3) Confidence interval for y is the smallest at average of x, the result will be more accurate if it falls into this region. For example, a curve has five standards at 1, 5, 10, 20 and 50 UG/L, then the quatitive result of about 17 UG/L @ 5X dilution in the sample is more accurate than the result of about 40 UG/L @ 2X dilution.

4) Some members point out that you can have a great R^2, but at low concentration, the quatitative result can be way off the true value. In my opinion, a good curve doesn't mean the best curve. If you have enough data and do a residual plot, you can find that one of the assumptions that ordinary least squares is based on is violated. Are the residuals normally distributed? Are they independent? Do they have a constant SD? If the answer to one of these questions is no, corrective action needs to be taken to address the problem. Maybe the curve is not liear(polynomial model), or the concentration range is too wide to use one model, and so on.
Also RSD% of response factors is often used by chemists in environmental field, usually what happens is, if a low point of the curve is out of whack, RSD% will fail even R^2 is 1.000.

If the equation is y=mx + b; m is not 1

To Fernando:

I was talking about the comparison of the differences between the known true concentration and the measured concentration.....

A way to evaluate linearity.

Regards Bert

Bert,
the data should be in J Chrom B, 678, 137(1996).
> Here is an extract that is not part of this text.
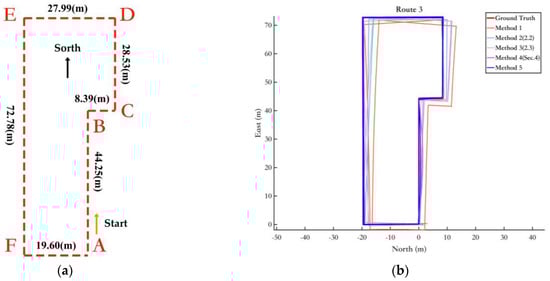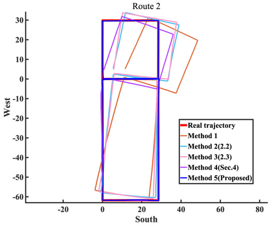 It is evident that the proposed Methods 2, 3, and 5 in this paper show progressively improved optimization results in terms of both the average error and the RMS error, which represents data fluctuations. Although the environment of route 3 has more magnetic interference, the incorporation of magnetic field observations in Methods 2 and 3 overall enhances the positioning performance. Moreover, Method 5, which fuses magnetic heading with magnetic field matching, makes more effective use of the magnetic field information, resulting in better yaw angle optimization. Compared with the EKF filtering method using only a single inertial sensor, the error is reduced by over 50%.

Sorry, no time at present for more.
Now, instead of doing all this statistical fudging I just, later, cleaned the Rheodyne (taking it apart, at times) or used a homemade injector which has no carryover.

Hans,

thanks for the reference. I will try to get a copy of it. Being pragmatic can often provide good solutions. However, I think applying statistics can be very helpfull to support conclusions, based on analytical data. This is no fudging, if yo mean 'vertuschen' by that.

Regards, Bert

More in the sense of durchwurschteln.